資訊安全新聞

告別手動除錯：Python + dnlib 自動化提取 QuasarRAT 惡意設定

簡介

遠端存取木馬 (Remote Access Trojans, RATs) 的分析是現代網路資安和威脅情報的關鍵組成部分。QuasarRAT 是一個用 C# 在 .NET Framework 上編寫的開源 RAT [1]，由於其易用性和強大的功能集，已被 Threat actor 廣泛採用。分析任何惡意軟體的關鍵步驟是萃取其設定，其中通常包含關鍵資訊，例如 Command and Control (C2) 伺服器位址、通訊埠號和安裝設定。這份文件詳細技術檢驗了用於以程式設計方式從 QuasarRAT 二進位檔中萃取設定的方法，重點在於使用 Intermediate Language (IL) 和 dnlib 函式庫 [1]。
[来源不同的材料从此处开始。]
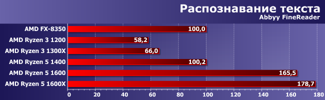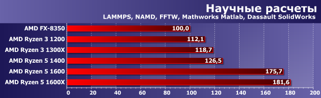 Старые целочисленные алгоритмы — область, где тот же FX-8350 «еще ого-го». Ryzen 3 же в таком окружении вновь выглядят слишком бледно. Ну а лучше всего — быть «здоровым и богатым»: понятно, что такие условия наиболее благоприятны для Ryzen 5 1600 и старших новых моделей.

告別手動除錯：Python + dnlib 自動化提取 QuasarRAT 惡意設定 | 資訊安全新聞

.NET Intermediate Language 和 dnlib

QuasarRAT 是一個 .NET 應用程式，它被編譯成 Intermediate Language (IL) ，也稱為 MSIL 或 CIL。IL 是一種基於堆疊的 bytecode，由 Common Language Runtime (CLR) 在運行時即時 (Just-In-Time, JIT) 編譯為 Native API 機器碼 [1]。了解 IL 的結構對於靜態分析和設定萃取至關重要。

萃取程序利用了 dnlib ，這是一個開源的 .NET 函式庫，專為深度檢查和修改 .NET 組件而設計。結合 pythonnet （作為從 Python 呼叫 .NET API 的橋樑），dnlib 允許分析師以程式設計方式掃描組件結構，包括命名空間、類別、方法和 IL 指令 [1]。
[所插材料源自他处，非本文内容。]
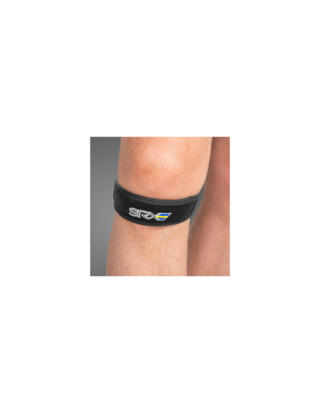 Denna modell är en enkel, flexibel och universell knästrap som är tillverkad av SRX®-material med en ovansida med mjukt kardborretyg. Designen gör den lämplig som enklare stöd vid problem från knäskålssenan. Kardborrejusteringen gör skyddet flexibelt och enkelt att applicera. Stödpelotten placeras över knäskålssenan och ger ett lättare stöd. Kompressionen justeras genom att spänna kardborren hårdare. Knäskyddet kan användas vid lokala inflammationer, vid lättare problem med hopparknä och vid Schlatterknäproblem.
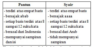 Sebutkan 5 Persamaan Pantun Syair Dan Gurindam Dalam Bentuk Tabel …
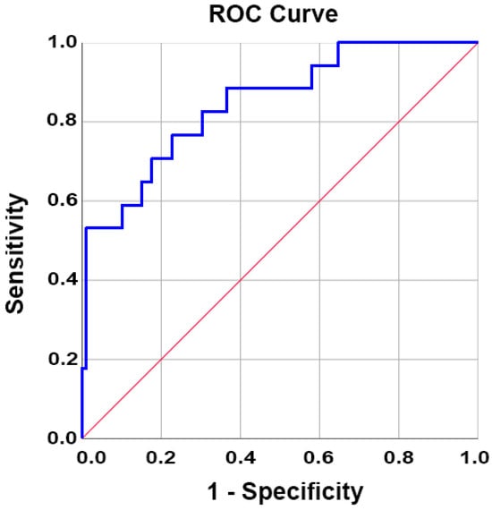 The explained variance of the model was 62.7%. The model showed adequate calibration (Chi2 = 4.409 df = 8; p = 0.818) and good discrimination (AUC = 0.845; 95% CI 0.741–0.949) (Figure 1). We found that the increase in the probability of dropping out is related to higher educational attainment. On the other hand, having a stable partner and attending childbirth preparation is associated with a longer duration of breastfeeding.

QuasarRAT 中設定資料的核心是作為靜態欄位儲存在特定類別中，通常是 Config.Settings 。在 .NET 中，靜態欄位在其類別的靜態建構函式中初始化，該建構函式被稱為 .cctor (Class Constructor) [1]。萃取策略的重點是分析此 .cctor 方法中的 IL 指令。

設定萃取方法論

設定萃取程序可以系統地分為三個主要階段：組件載入、類別和方法識別，以及指令分析。

1. 組件載入與初始化

第一步涉及設定環境並載入目標 .NET 組件。這需要從 pythonnet 和 dnlib 匯入必要的組件。
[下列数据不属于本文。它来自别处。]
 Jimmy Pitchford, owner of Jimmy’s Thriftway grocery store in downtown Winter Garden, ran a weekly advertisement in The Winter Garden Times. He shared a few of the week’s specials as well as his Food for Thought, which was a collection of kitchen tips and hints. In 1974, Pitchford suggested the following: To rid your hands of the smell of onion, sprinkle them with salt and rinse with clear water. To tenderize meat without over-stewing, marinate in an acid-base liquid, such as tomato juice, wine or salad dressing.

# Python prelude to load a .NET sample and initialize dnlib
import clr
# Add reference to System.Memory for low-level memory handling
clr.AddReference("System.Memory") 
# Import necessary System types
from System.Reflection import Assembly, MethodInfo, BindingFlags
from System import Type
# Import dnlib components
import dnlib
from dnlib.DotNet import *
from dnlib.DotNet.Emit import OpCodes
# Define the path to the malware sample
MALWARE_PE_PATH = "path/to/QuasarRAT.exe" 
# Load the .NET module using dnlib
# This provides programmatic access to the assembly's structure
module = dnlib.DotNet.ModuleDefMD.Load(MALWARE_PE_PATH)

2. 類別和方法識別

設定位於 Config.Settings 類別中。萃取程式碼必須首先透過反覆載入模組中的所有類型來定位此類別。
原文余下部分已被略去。